● **Requirement**
What is needed is a word-for-word copy of the lines below from the one with "Our friends in" through the one with "545.00 Acres Marshall", both included, with every picture left out.

(Stored records)
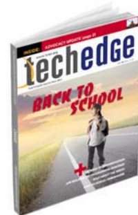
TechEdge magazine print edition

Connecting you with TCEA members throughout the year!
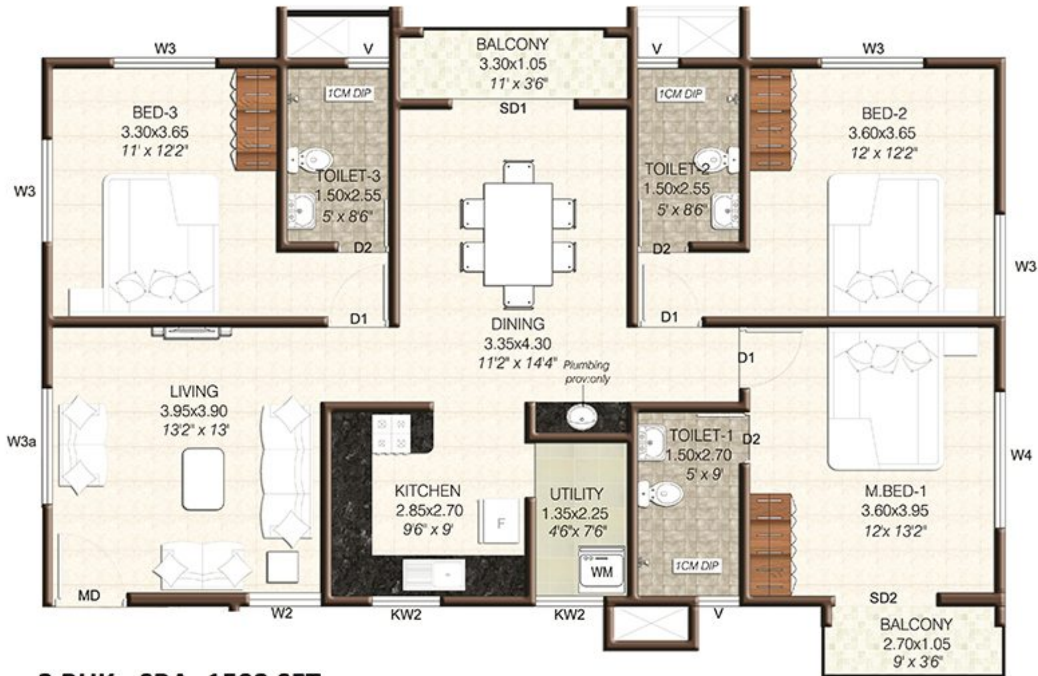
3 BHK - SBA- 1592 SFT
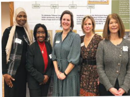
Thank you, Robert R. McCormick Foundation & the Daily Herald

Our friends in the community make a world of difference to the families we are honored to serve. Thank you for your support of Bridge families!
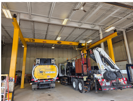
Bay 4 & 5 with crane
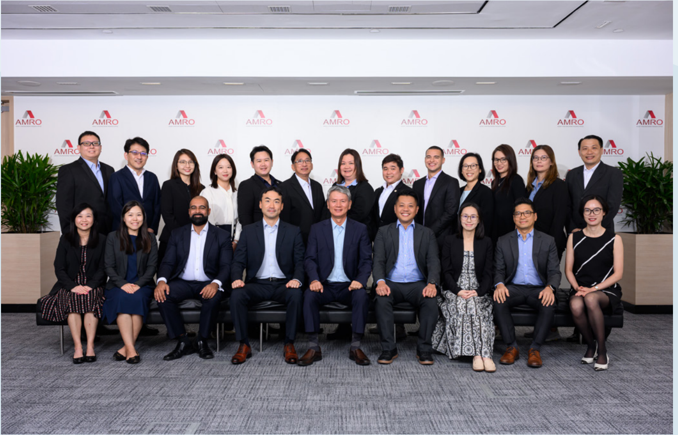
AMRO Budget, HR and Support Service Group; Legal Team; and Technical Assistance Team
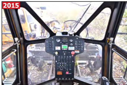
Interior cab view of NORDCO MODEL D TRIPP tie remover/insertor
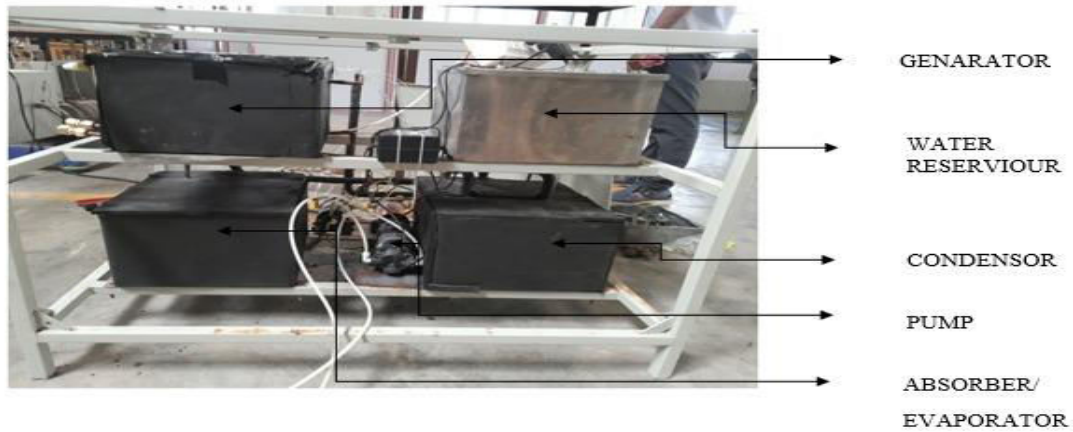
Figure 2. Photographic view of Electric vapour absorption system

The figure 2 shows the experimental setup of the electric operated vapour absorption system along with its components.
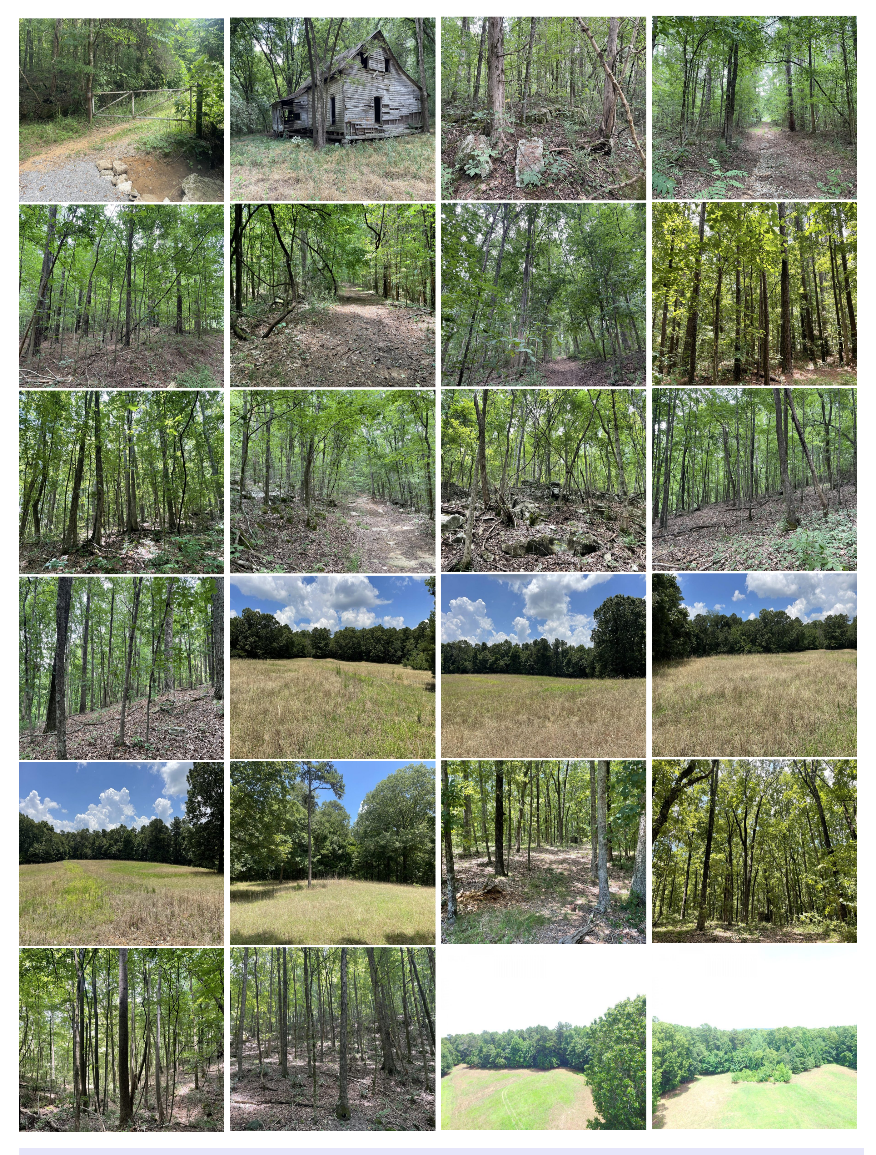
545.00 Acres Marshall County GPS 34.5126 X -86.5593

* * *

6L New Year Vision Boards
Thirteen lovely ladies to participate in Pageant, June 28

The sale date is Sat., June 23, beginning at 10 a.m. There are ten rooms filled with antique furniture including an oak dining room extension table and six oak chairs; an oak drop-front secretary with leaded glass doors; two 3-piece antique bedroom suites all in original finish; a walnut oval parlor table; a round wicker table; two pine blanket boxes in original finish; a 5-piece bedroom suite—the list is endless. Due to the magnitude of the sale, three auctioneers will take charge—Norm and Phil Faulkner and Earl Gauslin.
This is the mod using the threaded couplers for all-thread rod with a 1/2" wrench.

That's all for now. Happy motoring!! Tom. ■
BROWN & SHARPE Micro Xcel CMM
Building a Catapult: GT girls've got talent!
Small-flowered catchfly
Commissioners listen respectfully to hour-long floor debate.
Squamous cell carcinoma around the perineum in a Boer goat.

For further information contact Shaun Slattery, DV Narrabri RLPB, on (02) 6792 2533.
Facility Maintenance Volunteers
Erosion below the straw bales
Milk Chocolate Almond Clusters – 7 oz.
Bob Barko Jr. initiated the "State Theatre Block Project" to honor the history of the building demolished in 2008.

● **Answer box**
Our friends in the community make a world of difference to the families we are honored to serve. Thank you for your support of Bridge families!
Bay 4 & 5 with crane
AMRO Budget, HR and Support Service Group; Legal Team; and Technical Assistance Team
Interior cab view of NORDCO MODEL D TRIPP tie remover/insertor
Figure 2. Photographic view of Electric vapour absorption system

The figure 2 shows the experimental setup of the electric operated vapour absorption system along with its components.
545.00 Acres Marshall County GPS 34.5126 X -86.5593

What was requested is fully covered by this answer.